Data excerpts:

■ ■ ■ ■

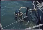 Vasa bryter vattenytan mellan de två bärgningspontonerna Oden och Frigg.
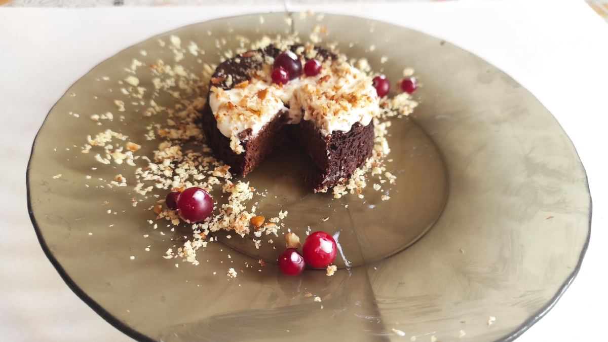 На выходе получается вот такой десерт пп. Можно украсить ягодками по желанию, по вкусу. В моём случае я полила греческим йогуртом и посыпала немного грецким орехом(тертым). У меня получилось вот такое блюдо. Выглядит достаточно аппетитно
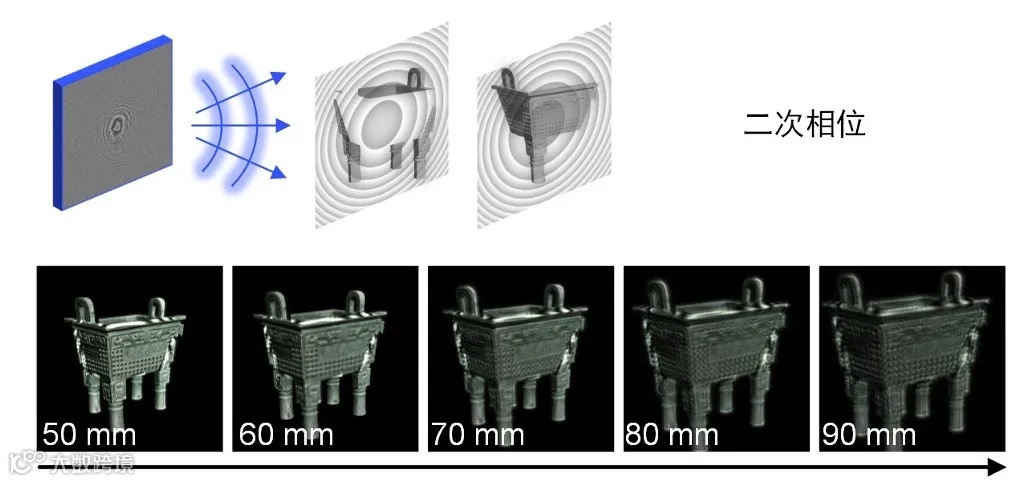 · 会聚的二次相位也常在正向模型中被用作物光波的初始相位。在二次相位的全息图重建中,随着传播距离的增加,重建强度图案的空间尺寸也随之放大。如图12所示,由于这种缩放特性的存在,二次相位使重建波前无法如实地反馈三维物体的真实大小关系,无法在三维空间中保持其整体尺寸特征。因此,二次相位的全息图大多被应用于二维的全息投影。
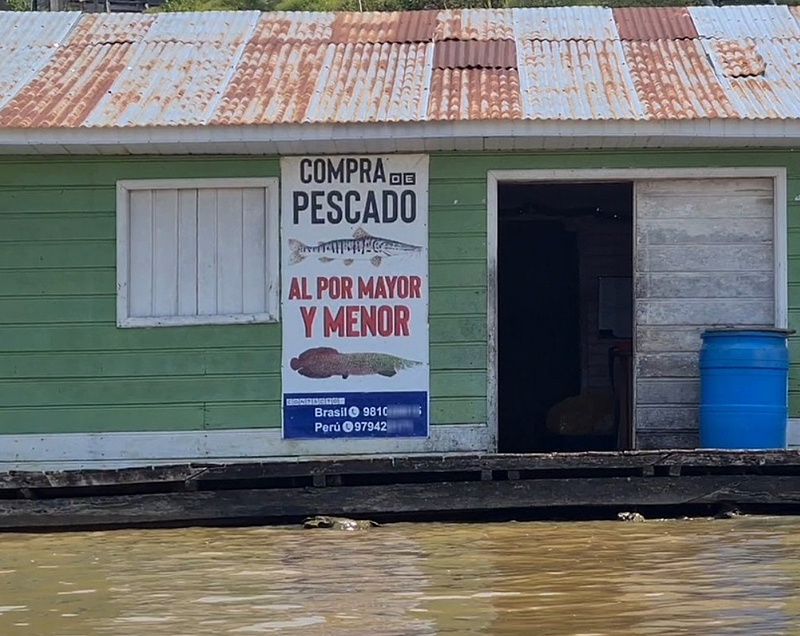 Villar não é único "patrão" da pesca ilegal na divisa com a Colômbia e o Peru. Ao entrar em território peruano pelo rio Javari, a reportagem encontrou uma balsa que anunciava a compra de pescado, no atacado e no varejo. No cartaz, a imagem é de um pirarucu, um dos peixes com maior valor comercial.
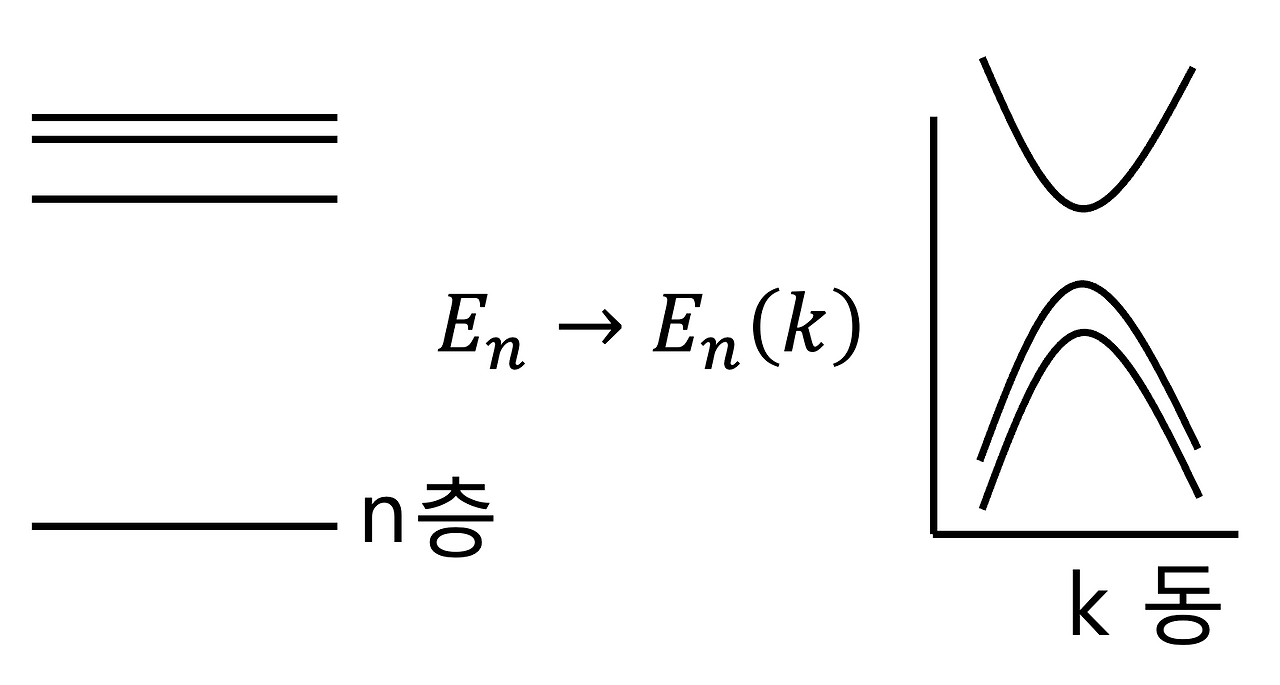 수소 분자의 경우에서와 마찬가지로 수많은 실리콘 원자들이 결합함으로써 수많은 에너지 준위를 만들게 될 것이다. 원자나 분자의 경우에는 에너지 준위가 건물의 층수처럼 번호를 매길 수 있었는데, 실리콘 결정처럼 원자들이 일정한 규칙을 가지고 배열된 경우는 에너지 준위들을 기술하기 위해 한 가지 주소가 더 필요하다. 비유하자면, 아파트가 한 동 있으면 몇 호인지만 알면 주소를 표현할 수 있지만, 여러 아파트가 있는 단지의 경우에는 어느 동인지 추가로 표시할 필요가 있을 것이다. 고체에서 전자가 처한 상황이 이와 유사하며, 에너지 준위를 아래 그림 안의 수식과 같이 표시하게 된다.

■ ■ ■ ■

### Exercise aim
Copy the records exactly; no image should appear in the result.

### Task output
 Vasa bryter vattenytan mellan de två bärgningspontonerna Oden och Frigg.
 На выходе получается вот такой десерт пп. Можно украсить ягодками по желанию, по вкусу. В моём случае я полила греческим йогуртом и посыпала немного грецким орехом(тертым). У меня получилось вот такое блюдо. Выглядит достаточно аппетитно
 · 会聚的二次相位也常在正向模型中被用作物光波的初始相位。在二次相位的全息图重建中,随着传播距离的增加,重建强度图案的空间尺寸也随之放大。如图12所示,由于这种缩放特性的存在,二次相位使重建波前无法如实地反馈三维物体的真实大小关系,无法在三维空间中保持其整体尺寸特征。因此,二次相位的全息图大多被应用于二维的全息投影。
 Villar não é único "patrão" da pesca ilegal na divisa com a Colômbia e o Peru. Ao entrar em território peruano pelo rio Javari, a reportagem encontrou uma balsa que anunciava a compra de pescado, no atacado e no varejo. No cartaz, a imagem é de um pirarucu, um dos peixes com maior valor comercial.
 수소 분자의 경우에서와 마찬가지로 수많은 실리콘 원자들이 결합함으로써 수많은 에너지 준위를 만들게 될 것이다. 원자나 분자의 경우에는 에너지 준위가 건물의 층수처럼 번호를 매길 수 있었는데, 실리콘 결정처럼 원자들이 일정한 규칙을 가지고 배열된 경우는 에너지 준위들을 기술하기 위해 한 가지 주소가 더 필요하다. 비유하자면, 아파트가 한 동 있으면 몇 호인지만 알면 주소를 표현할 수 있지만, 여러 아파트가 있는 단지의 경우에는 어느 동인지 추가로 표시할 필요가 있을 것이다. 고체에서 전자가 처한 상황이 이와 유사하며, 에너지 준위를 아래 그림 안의 수식과 같이 표시하게 된다.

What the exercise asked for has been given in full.